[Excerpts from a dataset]
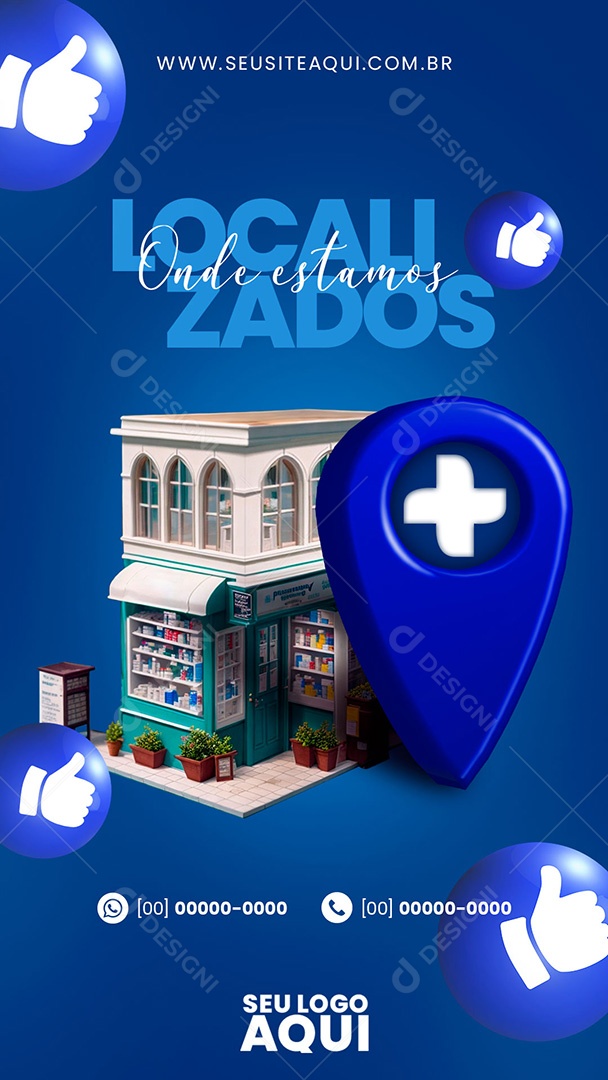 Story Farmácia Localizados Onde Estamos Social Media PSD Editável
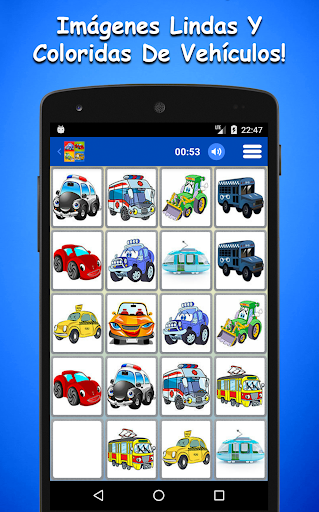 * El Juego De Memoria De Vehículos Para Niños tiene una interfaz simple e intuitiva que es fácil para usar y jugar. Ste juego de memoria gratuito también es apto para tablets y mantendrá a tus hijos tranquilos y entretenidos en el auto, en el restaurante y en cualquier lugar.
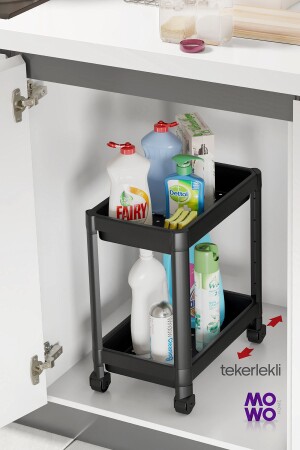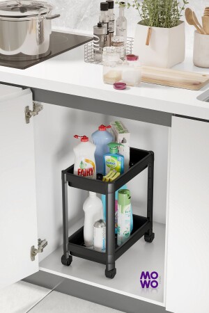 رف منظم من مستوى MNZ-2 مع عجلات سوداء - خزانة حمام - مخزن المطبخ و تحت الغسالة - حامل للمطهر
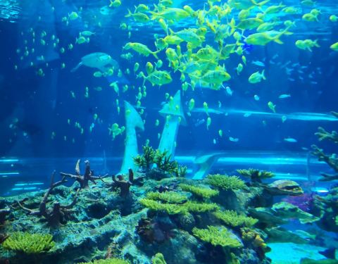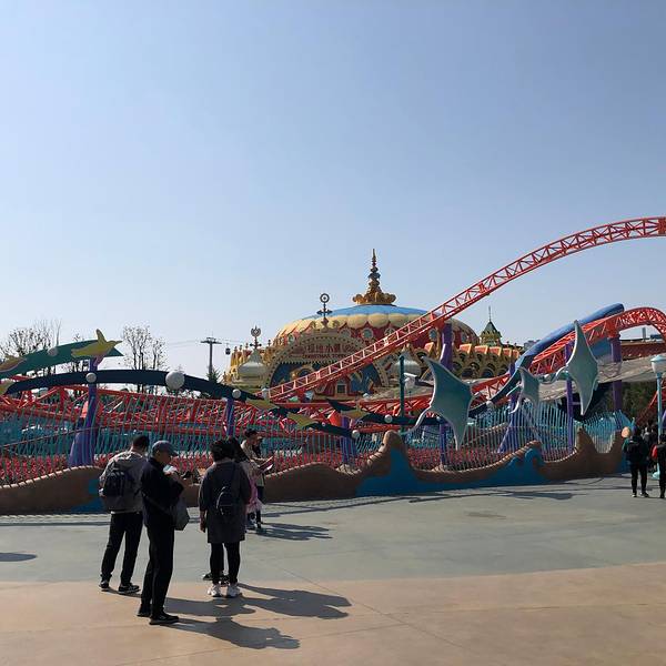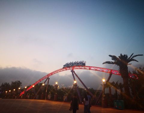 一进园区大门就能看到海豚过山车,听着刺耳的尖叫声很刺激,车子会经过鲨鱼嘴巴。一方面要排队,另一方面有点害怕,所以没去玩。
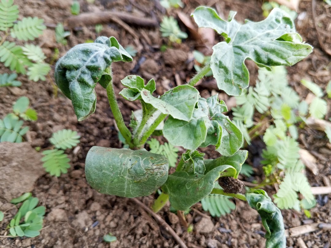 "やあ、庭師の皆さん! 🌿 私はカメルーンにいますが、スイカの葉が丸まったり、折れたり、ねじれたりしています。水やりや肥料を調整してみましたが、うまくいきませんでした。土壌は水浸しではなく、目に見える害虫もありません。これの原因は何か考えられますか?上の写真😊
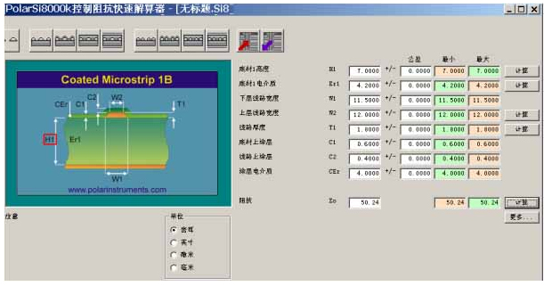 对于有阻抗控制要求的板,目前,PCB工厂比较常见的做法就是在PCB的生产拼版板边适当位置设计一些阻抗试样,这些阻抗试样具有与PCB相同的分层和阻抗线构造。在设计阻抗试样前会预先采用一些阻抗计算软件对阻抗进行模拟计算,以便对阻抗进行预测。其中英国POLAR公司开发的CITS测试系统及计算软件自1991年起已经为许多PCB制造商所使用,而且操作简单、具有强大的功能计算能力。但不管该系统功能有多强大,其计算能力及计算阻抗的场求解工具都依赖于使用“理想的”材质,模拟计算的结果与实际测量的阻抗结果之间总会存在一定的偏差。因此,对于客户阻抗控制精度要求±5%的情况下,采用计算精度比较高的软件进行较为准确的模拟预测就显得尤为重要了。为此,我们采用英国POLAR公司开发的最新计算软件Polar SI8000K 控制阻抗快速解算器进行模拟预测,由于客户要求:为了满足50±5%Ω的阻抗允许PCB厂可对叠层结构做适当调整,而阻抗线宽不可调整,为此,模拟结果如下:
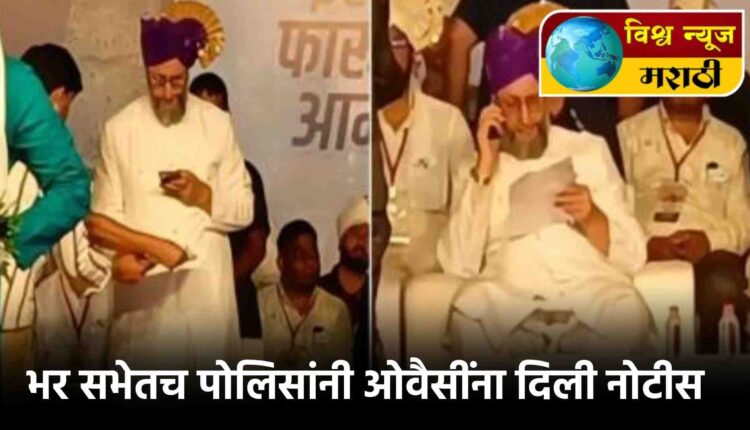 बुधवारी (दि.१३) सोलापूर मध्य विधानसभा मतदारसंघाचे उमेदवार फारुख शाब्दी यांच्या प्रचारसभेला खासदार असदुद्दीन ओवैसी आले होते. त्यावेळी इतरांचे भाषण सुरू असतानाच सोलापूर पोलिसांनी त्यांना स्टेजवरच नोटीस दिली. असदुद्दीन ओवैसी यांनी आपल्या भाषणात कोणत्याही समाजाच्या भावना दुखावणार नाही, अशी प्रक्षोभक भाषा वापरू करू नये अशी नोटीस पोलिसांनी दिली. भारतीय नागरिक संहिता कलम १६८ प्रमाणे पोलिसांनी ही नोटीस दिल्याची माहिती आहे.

DIRECTIONS FOR THIS TASK
The copy must start at the line containing "一进园区大门就能看到海豚过山" and end at the last line of the records, matching each line exactly and holding no pictures.

TASK OUTPUT
 一进园区大门就能看到海豚过山车,听着刺耳的尖叫声很刺激,车子会经过鲨鱼嘴巴。一方面要排队,另一方面有点害怕,所以没去玩。
 "やあ、庭師の皆さん! 🌿 私はカメルーンにいますが、スイカの葉が丸まったり、折れたり、ねじれたりしています。水やりや肥料を調整してみましたが、うまくいきませんでした。土壌は水浸しではなく、目に見える害虫もありません。これの原因は何か考えられますか?上の写真😊
 对于有阻抗控制要求的板,目前,PCB工厂比较常见的做法就是在PCB的生产拼版板边适当位置设计一些阻抗试样,这些阻抗试样具有与PCB相同的分层和阻抗线构造。在设计阻抗试样前会预先采用一些阻抗计算软件对阻抗进行模拟计算,以便对阻抗进行预测。其中英国POLAR公司开发的CITS测试系统及计算软件自1991年起已经为许多PCB制造商所使用,而且操作简单、具有强大的功能计算能力。但不管该系统功能有多强大,其计算能力及计算阻抗的场求解工具都依赖于使用“理想的”材质,模拟计算的结果与实际测量的阻抗结果之间总会存在一定的偏差。因此,对于客户阻抗控制精度要求±5%的情况下,采用计算精度比较高的软件进行较为准确的模拟预测就显得尤为重要了。为此,我们采用英国POLAR公司开发的最新计算软件Polar SI8000K 控制阻抗快速解算器进行模拟预测,由于客户要求:为了满足50±5%Ω的阻抗允许PCB厂可对叠层结构做适当调整,而阻抗线宽不可调整,为此,模拟结果如下:
 बुधवारी (दि.१३) सोलापूर मध्य विधानसभा मतदारसंघाचे उमेदवार फारुख शाब्दी यांच्या प्रचारसभेला खासदार असदुद्दीन ओवैसी आले होते. त्यावेळी इतरांचे भाषण सुरू असतानाच सोलापूर पोलिसांनी त्यांना स्टेजवरच नोटीस दिली. असदुद्दीन ओवैसी यांनी आपल्या भाषणात कोणत्याही समाजाच्या भावना दुखावणार नाही, अशी प्रक्षोभक भाषा वापरू करू नये अशी नोटीस पोलिसांनी दिली. भारतीय नागरिक संहिता कलम १६८ प्रमाणे पोलिसांनी ही नोटीस दिल्याची माहिती आहे.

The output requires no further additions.